If your health check status code is set to “200” which is the default, you will want to make sure that the path you give is working in your web app and doesn’t do a forward or redirect to another path. Or else, you could change the success code under “Advanced health check settings”
4-Create a task definition
Go to the ECS console and click on “Task Definitions”. Select “Create task definition” and select “EC2” compatibility option. Give your task definition a name. Select “none” for the IAM role and “awsvpc” for the network mode. Under task size set “Task memory” as “256” and “CPU” as “512”. Scroll down and click on “Add container”.

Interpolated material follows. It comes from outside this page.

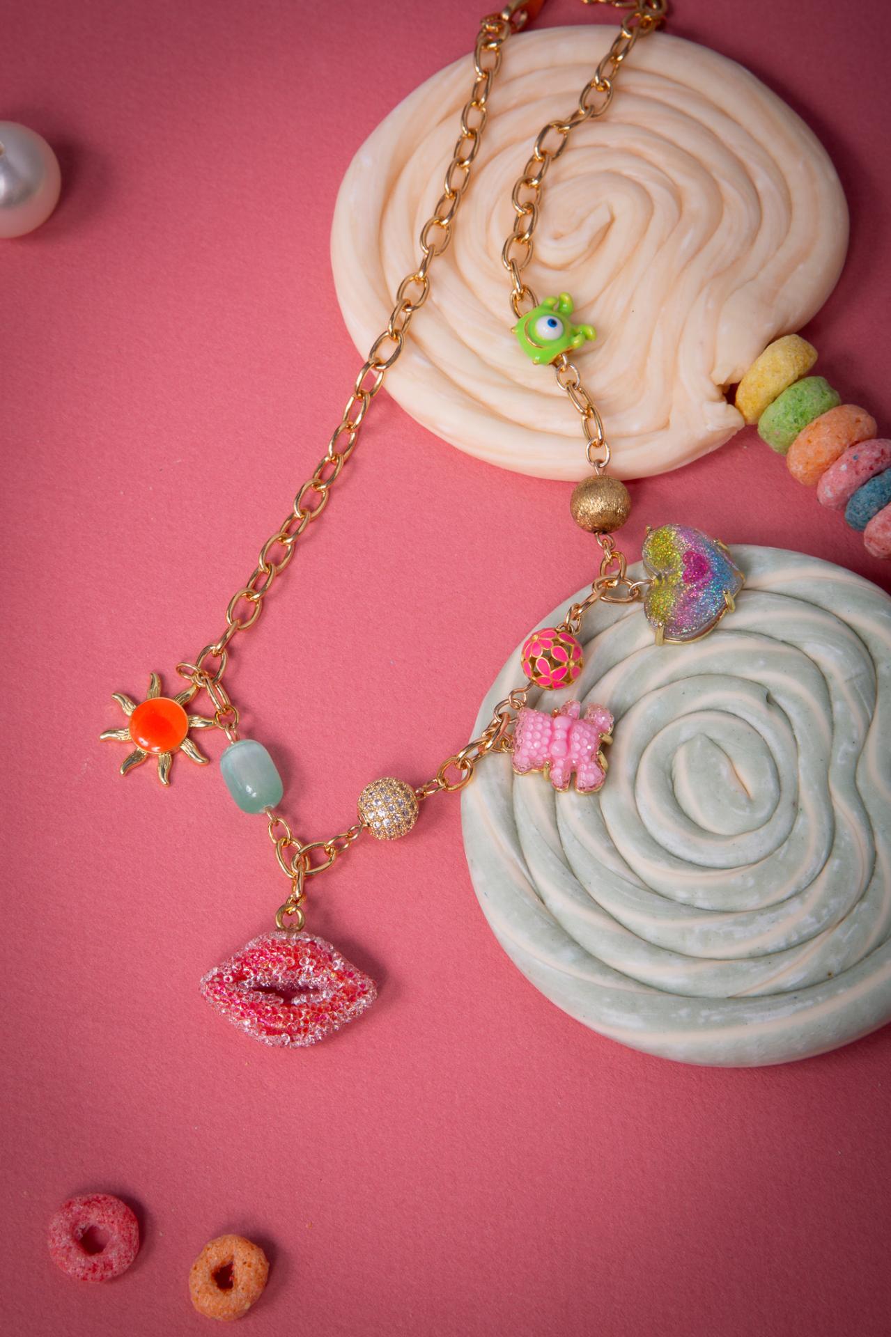 A stainless steel and enameled necklace with stones pearls and playful charms, finished with sparkling pink lips. Crafted using upcycled and recycled materials, this necklace reflects MiniMe Paris’s commitment to creativity and conscious fashion.

Give the container a name and paste the image URI you copied earlier. For “Port mappings” add the container ports you want to use. The only one I’m using is port 80 of my container. Click on “Add” and you will be taken back to the task creation page. You should now see your container entry listed as part of the task definition. Scroll down and click on “Create”.
5-Create an ECS service
The last part of the process is creating an ECS service. Go to the empty cluster you created earlier and under “Services” click on “Create”. Select the “EC2” launch type, give your service a name and put in “2” for the number of tasks. Click on “Next”. Select your cluster VPC and all the subnets available. Under “Load balancing” select “Application Load Balancer”, then select the load balancer you just created. Now, select your container port and click on “Add to load balancer”. Select the listener port we created with the load balancer i.e “80:HTTP” and change the path pattern to the default path for your web app. In my case it is “/”. You will automatically be given a target group name. If not, type in one. Add the health check path as we did when creating the load balancer. Skip to the review stage and click on “Create service”.
The number of tasks in a service should not be bigger than the number of available instances in the ECS cluster.

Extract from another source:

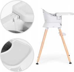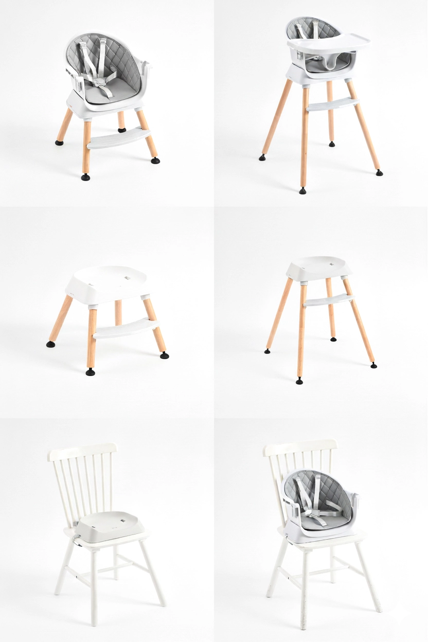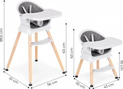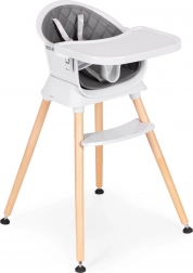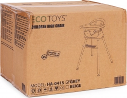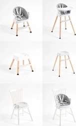 Stilski in praktičen stolček ECOTOYS 6v1 se popolnoma prilagodi vsakodnevnim ritualom – od prvih kašic do samostojnega sedenja za mizo in igre. Zahvaljujoč premišljeni zasnovi ga hitro spremenite v visok jedilni stolček, nižji počivalnik, sedež/booster na klasičen stol, samostojen sedež brez nog, barski stolček ali nizko pručko. Skrbno oblikovan sedež z mehko blazinico in opiralom za noge podpira ergonomsko sedenje.
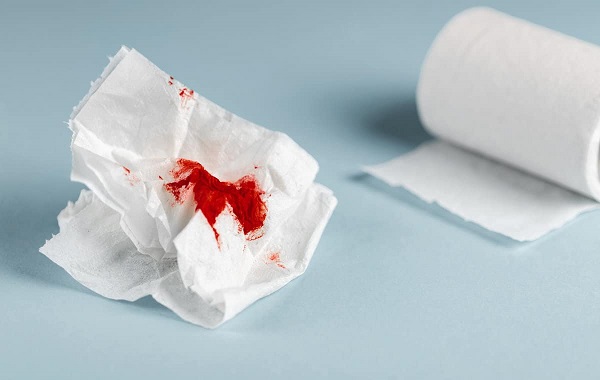 - Máu đỏ trong bồn cầu hoặc giấy vệ sinh

You’ll now see the ECS service placing tasks in the instances in the auto scaling group. You can see this under “Events” on the ECS service page. You’ll also see targets being registered inside the target group you just created on the EC2 console. You can monitor the health checks under the “Targets” section on your target group page.
If you want to see what’s happening inside your instances, you can connect to your instances using a session manager from the EC2 console and see the docker logs. Inside the instances you can view the ECS logs by typing in the following:
cat /var/log/ecs/ecs-agent.logTESTING IF IT WORKS
To see if your setup works go to your application load balancer and copy it’s DNS name. Paste it into a new browser tab and you should be able to access your web app!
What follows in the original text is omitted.